In general, the album strikes a great balance between the interludes and the iron-bound, punishing loud-and-proud doom metal. You can argue that it does have maybe one or two too many, for sure. That’s definitely a fair argument and I wouldn’t say someone is wrong for it. For my part though, I simply feel that the way everything flows into each other is part of what makes the album special at the end of the day, as much so as that glorious main riff to “The Sleeping Tyrant”; that absolutely fuckin vicious riff that drives the verse of “Cimmerian Codex”, or “LEND ME YOUR STEEEEEEEEEL” in “Cromlech”.

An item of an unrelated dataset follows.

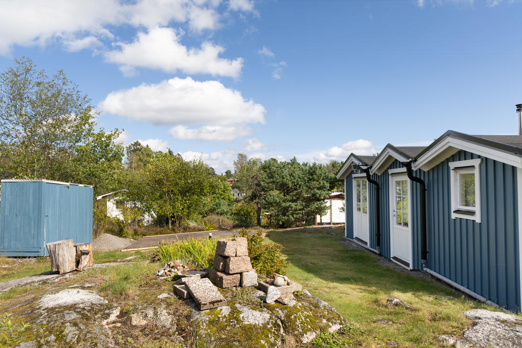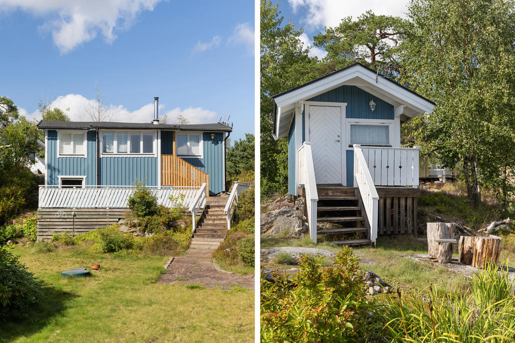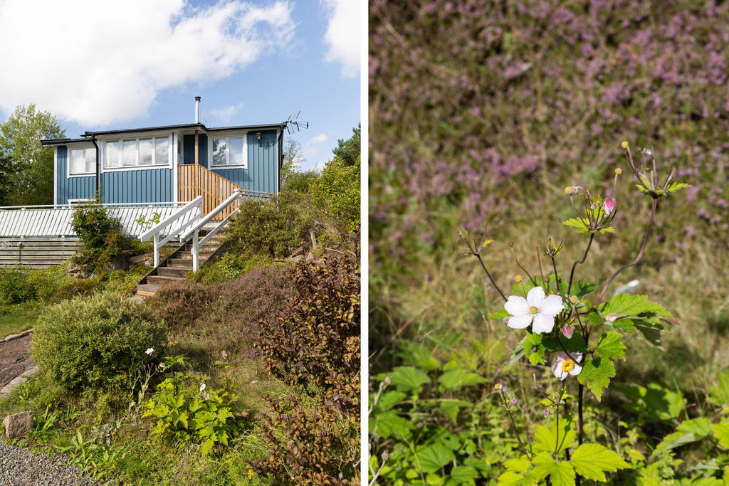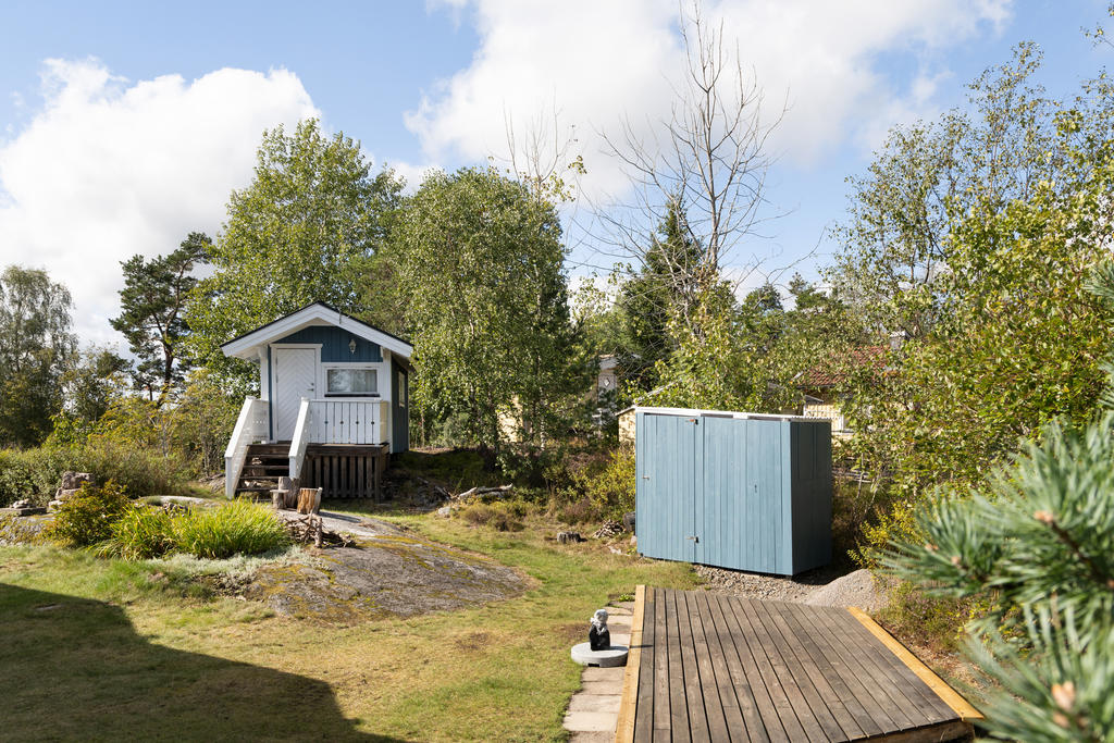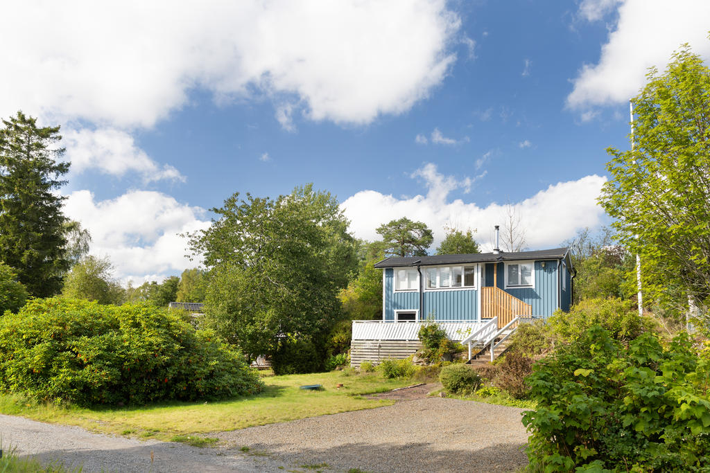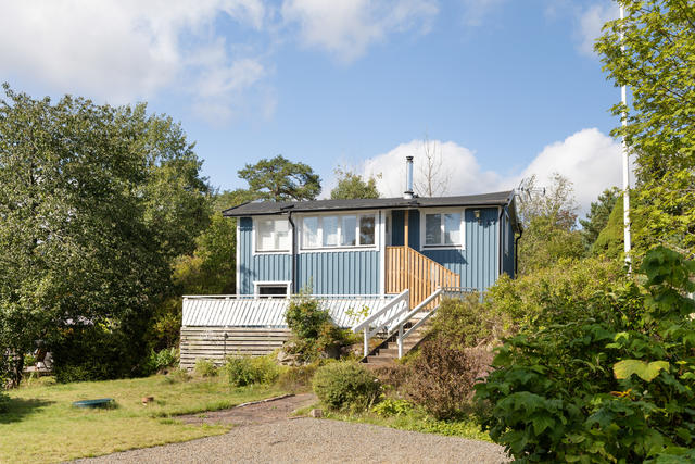 Infarten från vägen domineras av en stor, vacker rhododendron med huset i fonden. Via en grusad parkering med plats för 2-3 bilar och två korta trappor når man husets entrédörr, som öppnar sig mot en ljus, inbyggd och möblerbar blomsterveranda i söderläge. Härifrån kommer man till det stora vardagsrummet med vedeldad kamin och ljusinsläpp från tre väderstreck. Vidare finns ett funktionellt kök, ett sovrum med plats för två sängar och ett badrum med dusch. Dörrar från vardagsrummet och köket leder ut till trädgården på baksidan. Förutom många skåp och ett par garderober finns förvaringsmöjligheter också i källaren. På den stora, soliga altanen framför huset är det gott om plats för utemöbler. Ett mindre hus på bakre delen av tomten ger extra sovplatser till barn eller gäster. Där finns dessutom en kombinerad redskaps- och vedbod, samt ytterligare två uteplatser.

Overall, New Dark Age is a brilliant record; the band’s writing, playing, and performances are in top form throughout. Whatever minor warts it has pales in comparison to the fact that it can give a emotive, vivid experience quite unlike much else out there. Even the production largely manages to avoid the pitfalls that made most late 90s albums sound like plastic, a rare feat. This is a special album and one not to be missed if people somehow have not heard it by now. And if you have, well, you don’t need me to tell you what to do.